Saudi authorities expect to continue running budget deficits in the coming years as they pursue their Vision 2030 plan, but added that they are well prepared for this.
“Our country’s non-oil revenues have increased significantly and now cover about 37% of our expenditures. This is a significant diversification and great reassurance that we can operate stably despite fluctuations in oil prices. ” Saudi Finance Minister Mohammed Al Jadaan told CNBC in October. “Our goal is to make sure the plan is stable and predictable.”
“We are not going to blink. We have significant financial resources and we are very disciplined about our fiscal situation,” he said.
Saudi Arabia has an A/A-1 credit rating with a positive outlook from S&P Global Ratings and an A+ rating with a stable outlook from Fitch. This, combined with high foreign exchange reserves ($456.97 billion as of September, up 4% year-on-year, according to the country’s central bank), puts Saudi Arabia in a better position to manage its deficit, economists told CNBC. spoke.
Riyadh has been successful in issuing bonds, tapping more than $35 billion into the bond market so far this year. Saudi Arabia has also rolled out a series of reforms aimed at boosting and de-risking foreign investment and diversifying revenue sources, which S&P Global said in September will “continue to improve Saudi Arabia’s economic resilience and wealth. Probably.”
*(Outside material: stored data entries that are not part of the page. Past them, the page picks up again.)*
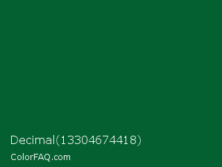 Decimal 13304674418 Color is a very dark green color and the nearest color is Fun Green #016d39. Hex code #046030 and RGB value is rgb(4,96,48). In RGB color space, this color is composed of 2% red, 38% green, 19% blue, In CMYK color space, this color is composed of 96% cyan, 0% magenta, 50% yellow , 62% black , In HSL color space, this color has a hue angle of 149° , 92% saturation and 20% lightness.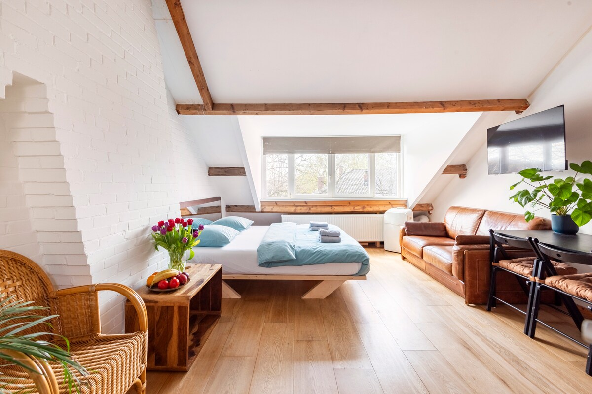 White Clogs House is the perfect home for families and couples who love being close to nature, yet still want to stay near the city center. The house features a cozy living room with a fireplace, a comfortable sofa bed, a TV, a dining table, and a fully equipped kitchen. On the first floor, there are two bedrooms, each with a king-size bed, and a separate bathroom with a toilet. Free Wi-Fi is available in the house, and there are two free parking spaces right in front of the door.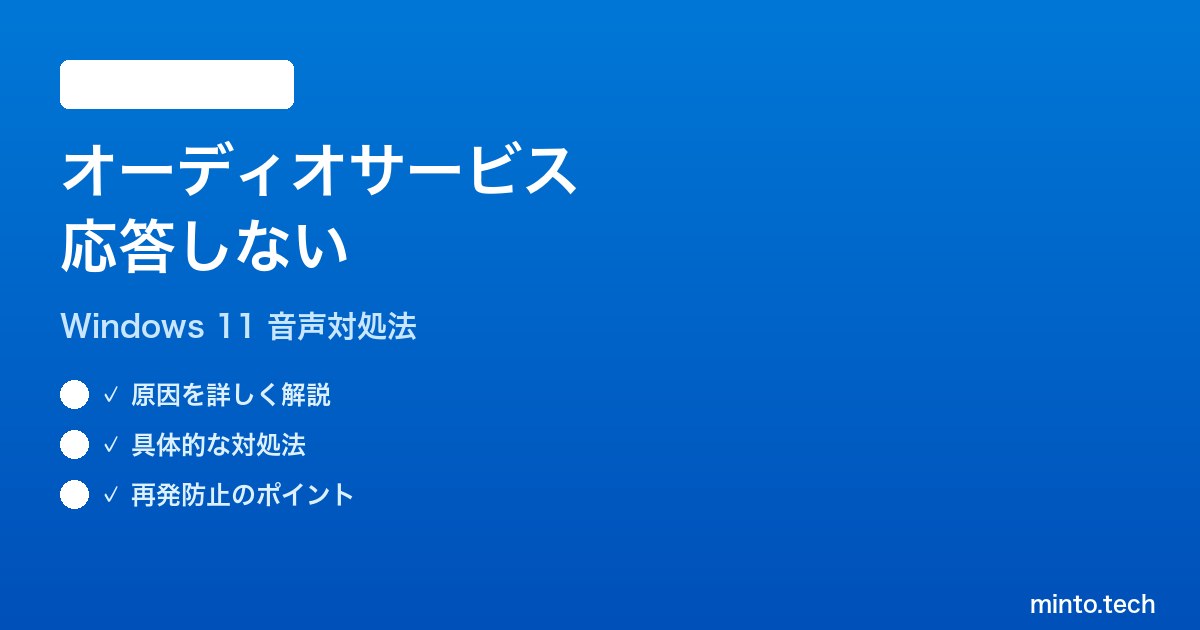 Windows 11を使っていて突然「音が出なくなった」「オーディオサービスが応答していません」というエラーが表示された経験はありませんか?タスクバーのスピーカーアイコンに×マークが付いて、サウンドが全く機能しなくなるこのトラブルは、Windows 11ユーザーの間でよく報告される問題です。本記事では、オーディオサービスが応答しない原因と、段階的な対処法を詳しく解説します。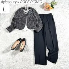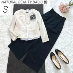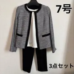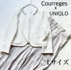 ノーカラーのグレー系ツイードジャケットとネイビーのテーパードパンツのセットアップ。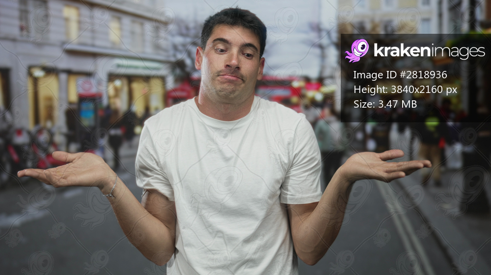 Man shrugs shoulders on busy urban street lined with shops and parked bicycles under overcast sky; uncertainty.

Asked whether Saudi Arabia’s spending trajectory is sustainable, Al-Jadaan said: “Yes, yes.” I think it’s possible,” he added.
Still, many analysts outside the Kingdom, as well as individuals within the Kingdom and involved in the NEOM project, remain skeptical about the feasibility of the megaproject. The report says some projects have been significantly scaled back, with the line’s scale target reduced from 106 miles to 1.5 miles and its population target lowered from 1.5 million to less than 300,000 by 2030. However, it proves the concern at a higher level.

Neom executives have confirmed that the current stage of work on The Line will make the building 1.5 miles long, which would still make it the world’s longest building. But the ultimate goal of 166 miles remains the same, they said, stressing that the city will not be built overnight and construction continues at a rapid pace.
Tariq Solomon, president emeritus of the American Chamber of Commerce in Saudi Arabia, said: “We are hopeful that there will be transparency and that some projects will be cut.”
“The increase in Saudi external borrowing reflects challenges in the feasibility of Vision 2030,” he told CNBC.
“Debt remains manageable at 26.5% of GDP, but continued small pressures are building up, highlighting the need for fiscal discipline and achievable targets.”
Mr. Solomon pointed to the desire of many Saudi residents to improve the infrastructure they use in their daily lives, including public transportation, connectivity, schools, and healthcare in Riyadh.
“Saudi Arabia’s path to recovery lies not in finding a ski resort in the desert, but in building one with innovation, complexity, and the courage to pursue something truly impactful.” said.